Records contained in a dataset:
________________________________________

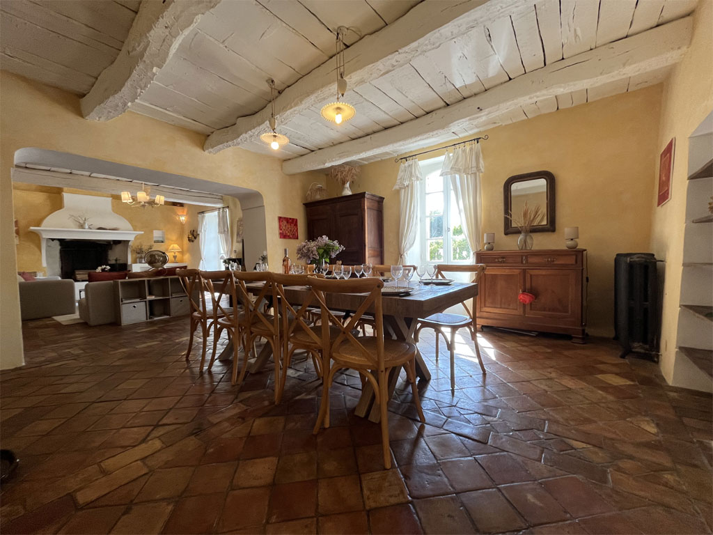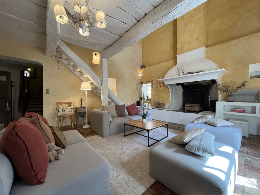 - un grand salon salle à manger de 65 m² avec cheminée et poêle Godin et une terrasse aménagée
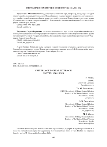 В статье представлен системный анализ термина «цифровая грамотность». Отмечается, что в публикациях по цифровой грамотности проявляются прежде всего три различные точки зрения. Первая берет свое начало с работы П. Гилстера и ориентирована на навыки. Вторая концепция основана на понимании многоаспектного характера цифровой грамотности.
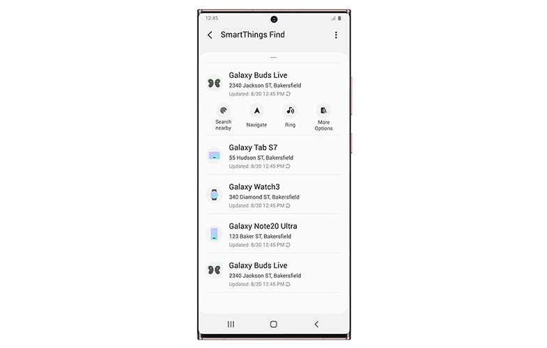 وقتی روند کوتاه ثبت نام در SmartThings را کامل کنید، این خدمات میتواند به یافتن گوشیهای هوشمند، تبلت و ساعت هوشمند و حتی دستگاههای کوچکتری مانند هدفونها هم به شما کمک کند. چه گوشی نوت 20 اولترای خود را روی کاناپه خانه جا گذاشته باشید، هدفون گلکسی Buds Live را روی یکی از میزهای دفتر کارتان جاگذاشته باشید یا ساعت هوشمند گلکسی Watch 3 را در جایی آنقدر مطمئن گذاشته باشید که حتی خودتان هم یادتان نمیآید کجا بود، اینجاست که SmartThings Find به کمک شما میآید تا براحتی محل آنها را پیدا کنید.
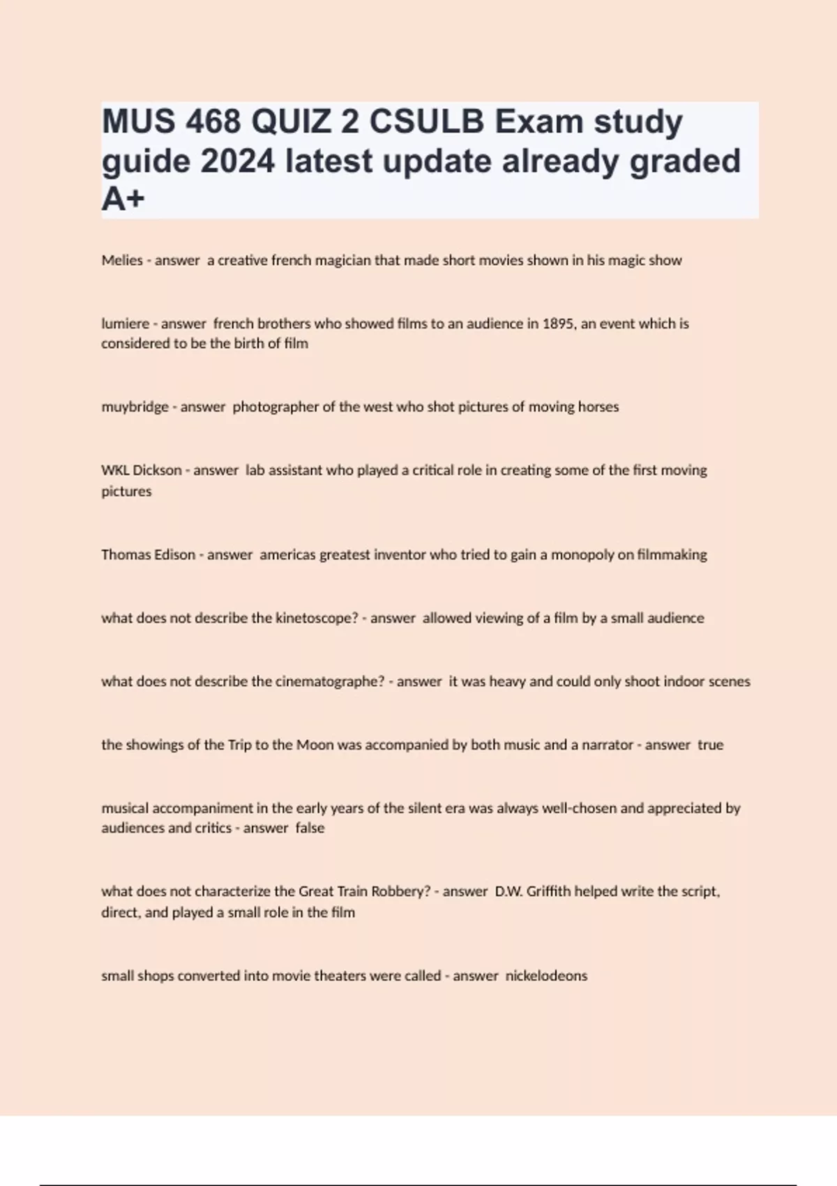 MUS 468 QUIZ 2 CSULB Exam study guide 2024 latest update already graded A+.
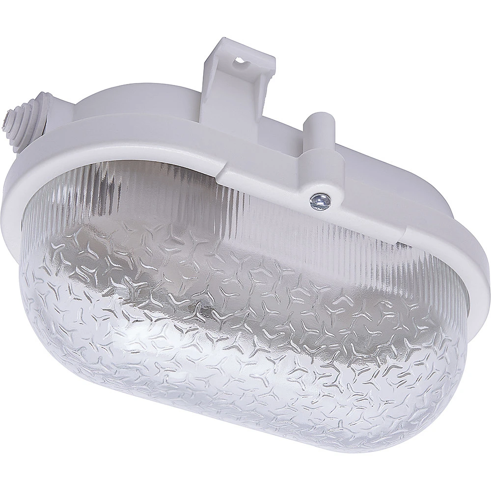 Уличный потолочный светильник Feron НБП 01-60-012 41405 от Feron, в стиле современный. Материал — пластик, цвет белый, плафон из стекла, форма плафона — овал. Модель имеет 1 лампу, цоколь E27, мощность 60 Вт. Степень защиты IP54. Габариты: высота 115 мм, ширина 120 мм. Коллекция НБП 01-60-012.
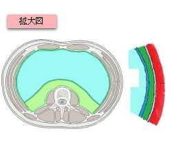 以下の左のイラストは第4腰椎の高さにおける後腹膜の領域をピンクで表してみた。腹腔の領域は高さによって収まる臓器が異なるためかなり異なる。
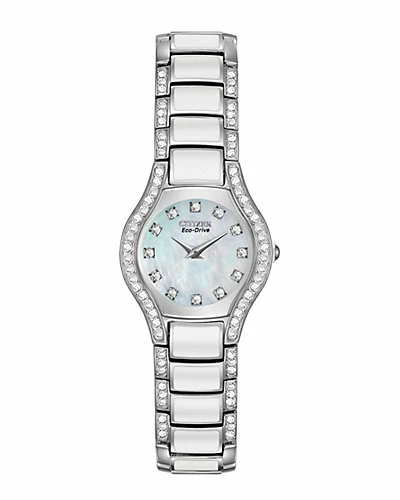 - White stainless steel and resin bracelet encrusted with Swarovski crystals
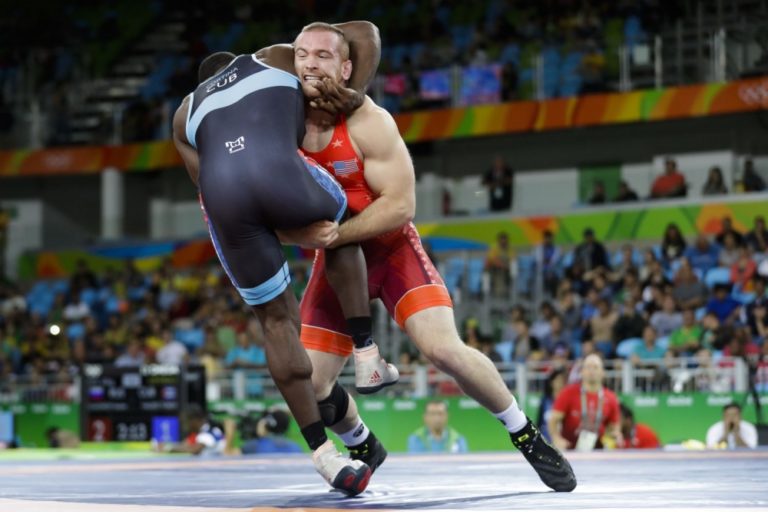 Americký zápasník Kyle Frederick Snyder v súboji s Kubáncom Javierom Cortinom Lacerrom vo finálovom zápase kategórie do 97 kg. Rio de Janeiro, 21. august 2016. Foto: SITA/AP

________________________________________

Task requirements:
Leave out the pictures, then return every line of the data exactly.

Completed exercise:
 - un grand salon salle à manger de 65 m² avec cheminée et poêle Godin et une terrasse aménagée
 В статье представлен системный анализ термина «цифровая грамотность». Отмечается, что в публикациях по цифровой грамотности проявляются прежде всего три различные точки зрения. Первая берет свое начало с работы П. Гилстера и ориентирована на навыки. Вторая концепция основана на понимании многоаспектного характера цифровой грамотности.
 وقتی روند کوتاه ثبت نام در SmartThings را کامل کنید، این خدمات میتواند به یافتن گوشیهای هوشمند، تبلت و ساعت هوشمند و حتی دستگاههای کوچکتری مانند هدفونها هم به شما کمک کند. چه گوشی نوت 20 اولترای خود را روی کاناپه خانه جا گذاشته باشید، هدفون گلکسی Buds Live را روی یکی از میزهای دفتر کارتان جاگذاشته باشید یا ساعت هوشمند گلکسی Watch 3 را در جایی آنقدر مطمئن گذاشته باشید که حتی خودتان هم یادتان نمیآید کجا بود، اینجاست که SmartThings Find به کمک شما میآید تا براحتی محل آنها را پیدا کنید.
 MUS 468 QUIZ 2 CSULB Exam study guide 2024 latest update already graded A+.
 Уличный потолочный светильник Feron НБП 01-60-012 41405 от Feron, в стиле современный. Материал — пластик, цвет белый, плафон из стекла, форма плафона — овал. Модель имеет 1 лампу, цоколь E27, мощность 60 Вт. Степень защиты IP54. Габариты: высота 115 мм, ширина 120 мм. Коллекция НБП 01-60-012.
 以下の左のイラストは第4腰椎の高さにおける後腹膜の領域をピンクで表してみた。腹腔の領域は高さによって収まる臓器が異なるためかなり異なる。
 - White stainless steel and resin bracelet encrusted with Swarovski crystals
 Americký zápasník Kyle Frederick Snyder v súboji s Kubáncom Javierom Cortinom Lacerrom vo finálovom zápase kategórie do 97 kg. Rio de Janeiro, 21. august 2016. Foto: SITA/AP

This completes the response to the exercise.